TASK ::
Restate the records that follow word for word. Omit the images.

Dataset records:
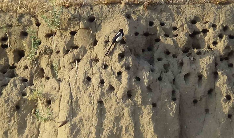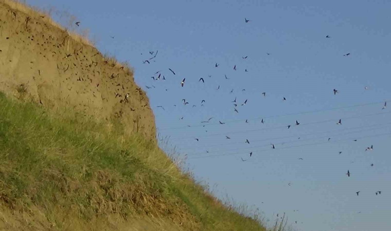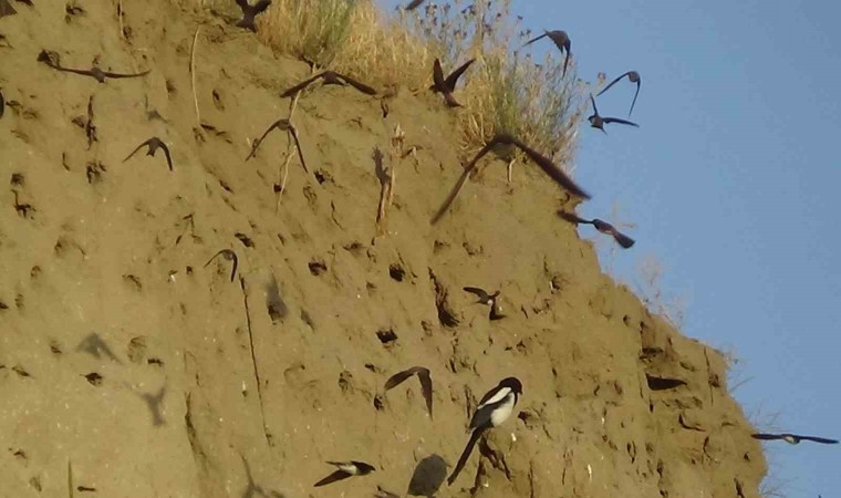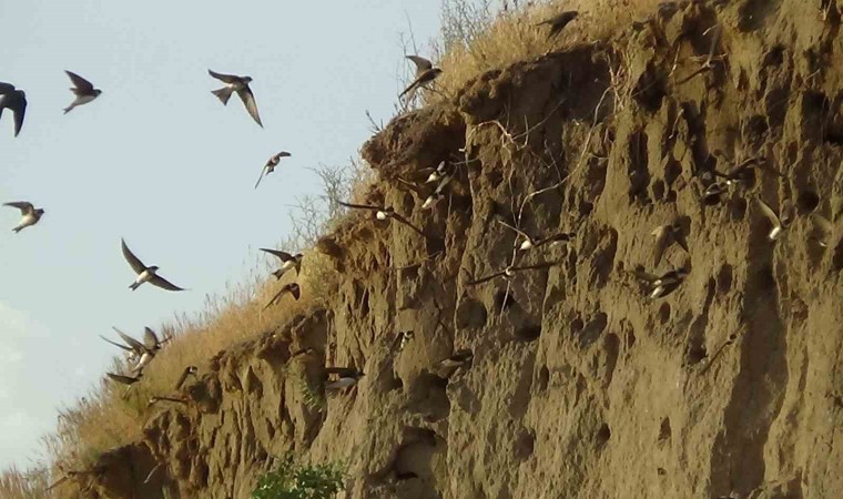 Van’ın Bahçesaray ve Tuşba ilçesinde toprak ve kayalara yuva yapan yüzlerce kırlangıç, vatandaşların ilgi odağı oldu.
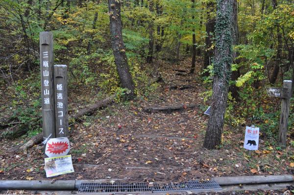 - 10:05 姫逃池コース登山口→(100分)→男三瓶山→(55分)→女三瓶山→(70分)→北の原登山口→(10分)→姫逃池コース登山口
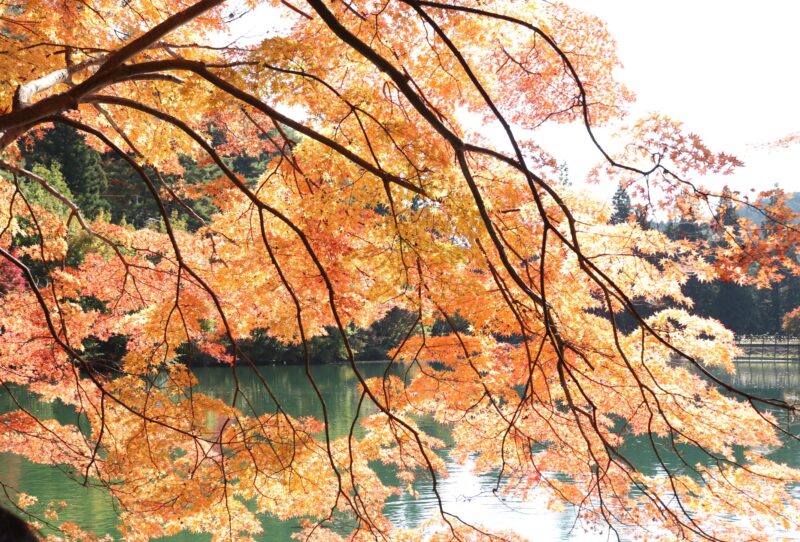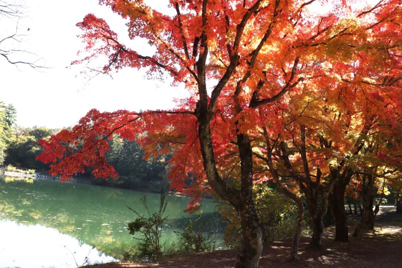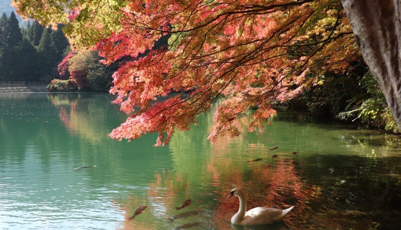 日によっては南伊奈ヶ湖にいる白鳥が近くにきたり、太陽の光に透かされた美しい紅葉を楽しむ事ができます!
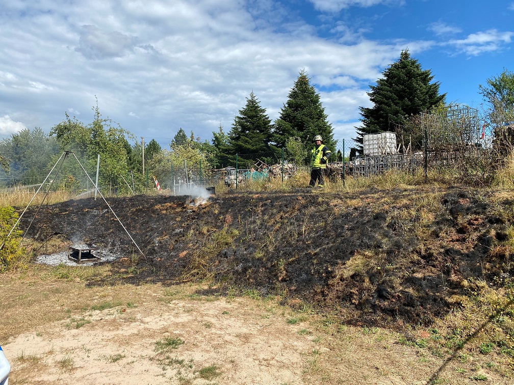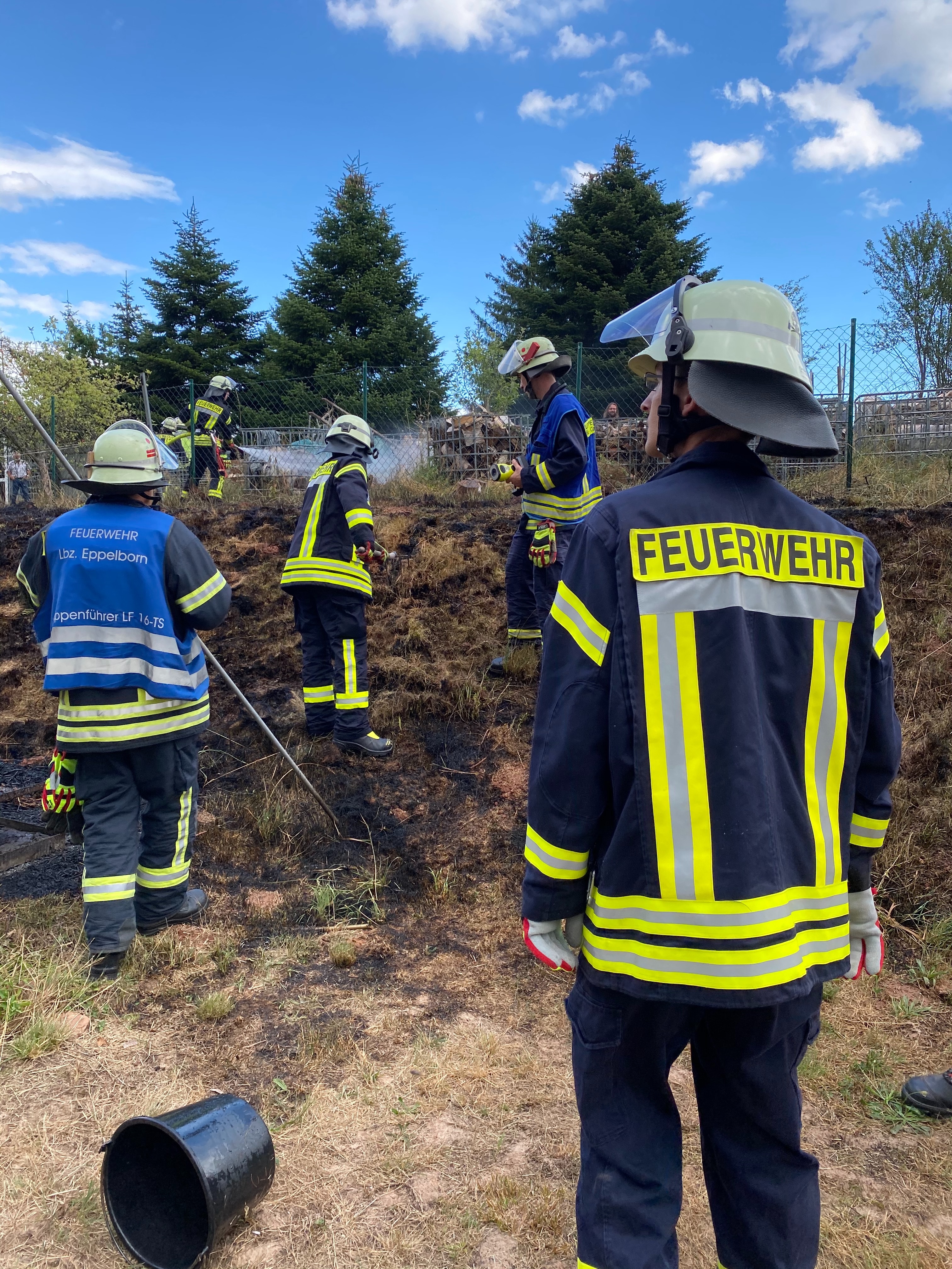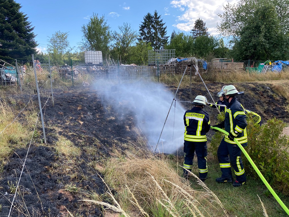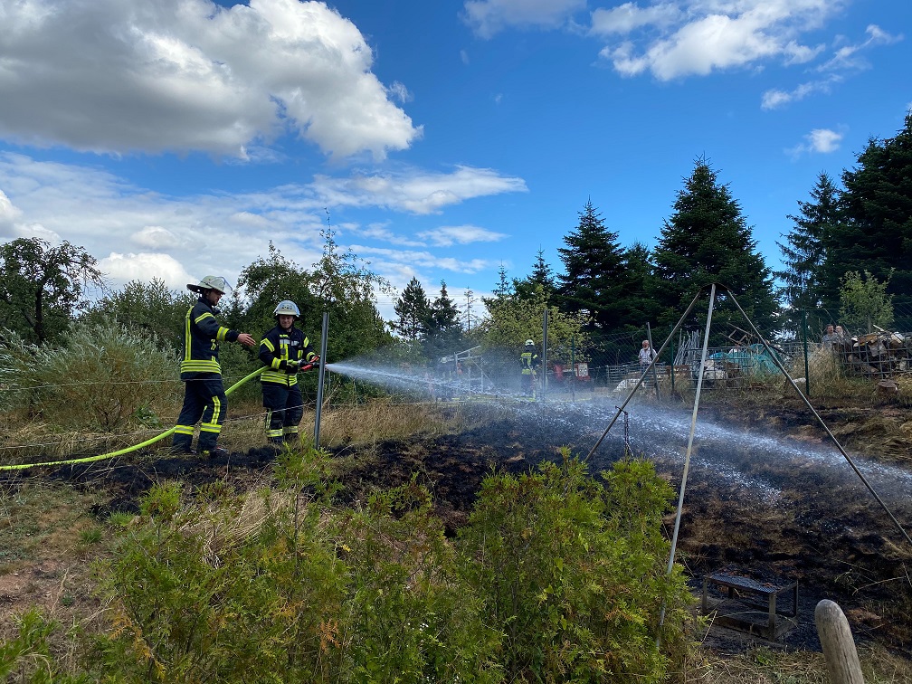 Auch der lang ersehnte Regen der Nacht vom 16. auf den 17.08.2020 war nur ein Tropfen auf den heißen Stein sodass am Nachmittag des 17. August eine Wiesenfläche hinter einem Wohnhaus in der Straße "Im halben Mond" Feuer fing.
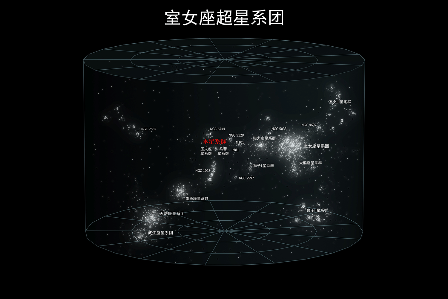 包含了约2万个星系,100多个星系团和星系群,超星系团质量中心为距银河系6000万光年的室女座星系团,本星系群只是室女座星系团的一个小星系纤维。除向质量中心室女座星系团运动外,超星系团内的大部分成员都以600km每秒的速度向遥远的“巨引源”移动。
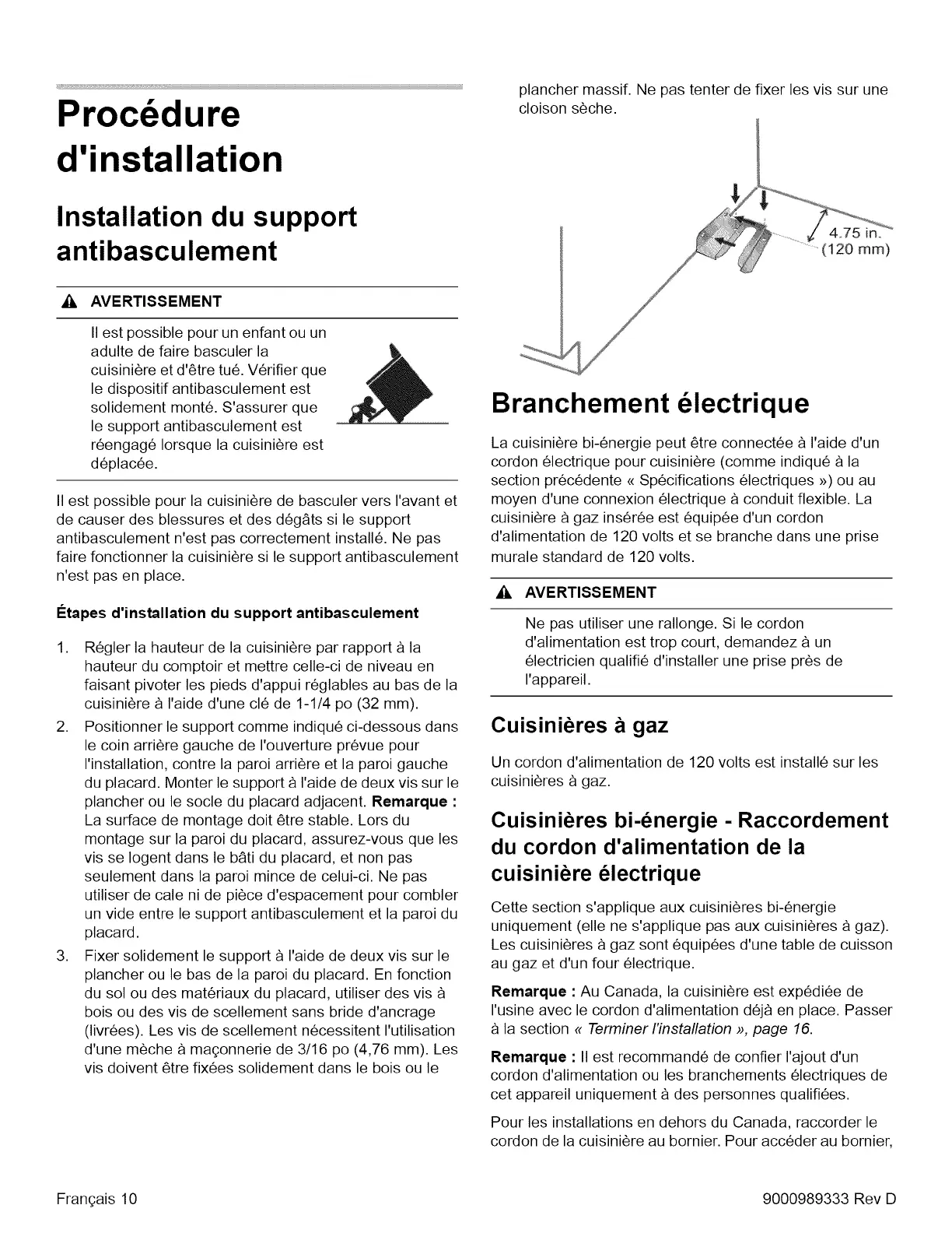 Bosch HDIPO54UC - Branchement Électrique; Cuisiniéres Bi-Énergie - Raccordement du; Installation du Support Antibasculement; Procedure Dinstallation
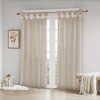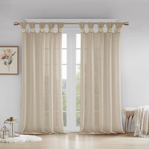 Add a soft, romantic touch to your home with this Tab Top Sheer Curtain Panel featuring removable floral pins. Crafted from lightweight faux linen with a loose open weave, this panel delivers a breezy, airy look while gently filtering natural light. The solid white design and tab top header bring a casual elegance, perfect for shabby chic or cottage-style decor. Each panel measures 50" x 84" and fits curtain rods up to 2" in diameter. For standard window coverage, two panels are recommended. Machine washable for easy care—just remember to remove the decorative flower pins before laundering. Some wrinkling may occur due to the natural fabric texture and can be smoothed with light ironing or steaming.
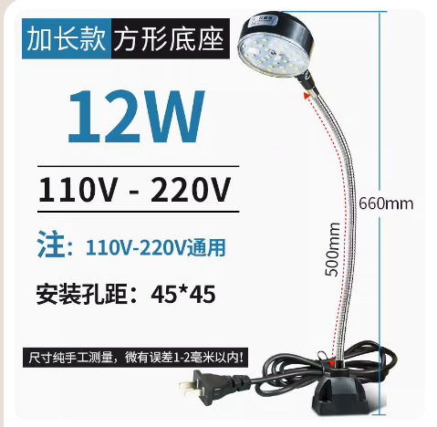 12W【螺丝方座】220V杆500长

SOLUTION FOR THIS PROBLEM ::
 Van’ın Bahçesaray ve Tuşba ilçesinde toprak ve kayalara yuva yapan yüzlerce kırlangıç, vatandaşların ilgi odağı oldu.
 - 10:05 姫逃池コース登山口→(100分)→男三瓶山→(55分)→女三瓶山→(70分)→北の原登山口→(10分)→姫逃池コース登山口
 日によっては南伊奈ヶ湖にいる白鳥が近くにきたり、太陽の光に透かされた美しい紅葉を楽しむ事ができます!
 Auch der lang ersehnte Regen der Nacht vom 16. auf den 17.08.2020 war nur ein Tropfen auf den heißen Stein sodass am Nachmittag des 17. August eine Wiesenfläche hinter einem Wohnhaus in der Straße "Im halben Mond" Feuer fing.
 包含了约2万个星系,100多个星系团和星系群,超星系团质量中心为距银河系6000万光年的室女座星系团,本星系群只是室女座星系团的一个小星系纤维。除向质量中心室女座星系团运动外,超星系团内的大部分成员都以600km每秒的速度向遥远的“巨引源”移动。
 Bosch HDIPO54UC - Branchement Électrique; Cuisiniéres Bi-Énergie - Raccordement du; Installation du Support Antibasculement; Procedure Dinstallation
 Add a soft, romantic touch to your home with this Tab Top Sheer Curtain Panel featuring removable floral pins. Crafted from lightweight faux linen with a loose open weave, this panel delivers a breezy, airy look while gently filtering natural light. The solid white design and tab top header bring a casual elegance, perfect for shabby chic or cottage-style decor. Each panel measures 50" x 84" and fits curtain rods up to 2" in diameter. For standard window coverage, two panels are recommended. Machine washable for easy care—just remember to remove the decorative flower pins before laundering. Some wrinkling may occur due to the natural fabric texture and can be smoothed with light ironing or steaming.
 12W【螺丝方座】220V杆500长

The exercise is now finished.